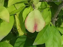 Die Blütezeit liegt im Frühjahr, bevor die ersten neuen Blätter erscheinen. Die seitenständigen, traubigen Blütenstände besitzen eine dunkelviolette Blütenstandsachse (Rhachis). Die duftenden Blüten sind vierzählig. Die vier weißen oder blass pinkfarbenen Kronblätter sind etwa 1 cm lang. Die bei einem Durchmesser von 2 bis 3 cm runde Flügelnuss enthält jeweils einen Samen je Samentasche.[4]
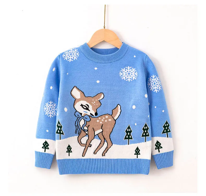 Детские свитера, для девочек Рождественские Зимние пуловеры с рисунками животных из мультфильмов для маленьких мальчиков в английском стиле; Вязаная милый Джерси для детей ясельного возраста 2021 осень-зима
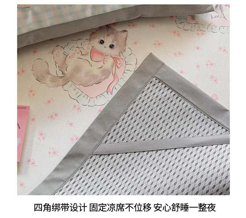 商品名称:沐慕 2025新款时尚数码印花600D冰丝凉席系列 冰丝-蛋糕猫咪

◇ ◇ ◇

--- BRIEF ---
With pictures excluded, the data must be transcribed in full and to the letter.

--- ANSWER TO THIS EXERCISE ---
 Die Blütezeit liegt im Frühjahr, bevor die ersten neuen Blätter erscheinen. Die seitenständigen, traubigen Blütenstände besitzen eine dunkelviolette Blütenstandsachse (Rhachis). Die duftenden Blüten sind vierzählig. Die vier weißen oder blass pinkfarbenen Kronblätter sind etwa 1 cm lang. Die bei einem Durchmesser von 2 bis 3 cm runde Flügelnuss enthält jeweils einen Samen je Samentasche.[4]
 Детские свитера, для девочек Рождественские Зимние пуловеры с рисунками животных из мультфильмов для маленьких мальчиков в английском стиле; Вязаная милый Джерси для детей ясельного возраста 2021 осень-зима
 商品名称:沐慕 2025新款时尚数码印花600D冰丝凉席系列 冰丝-蛋糕猫咪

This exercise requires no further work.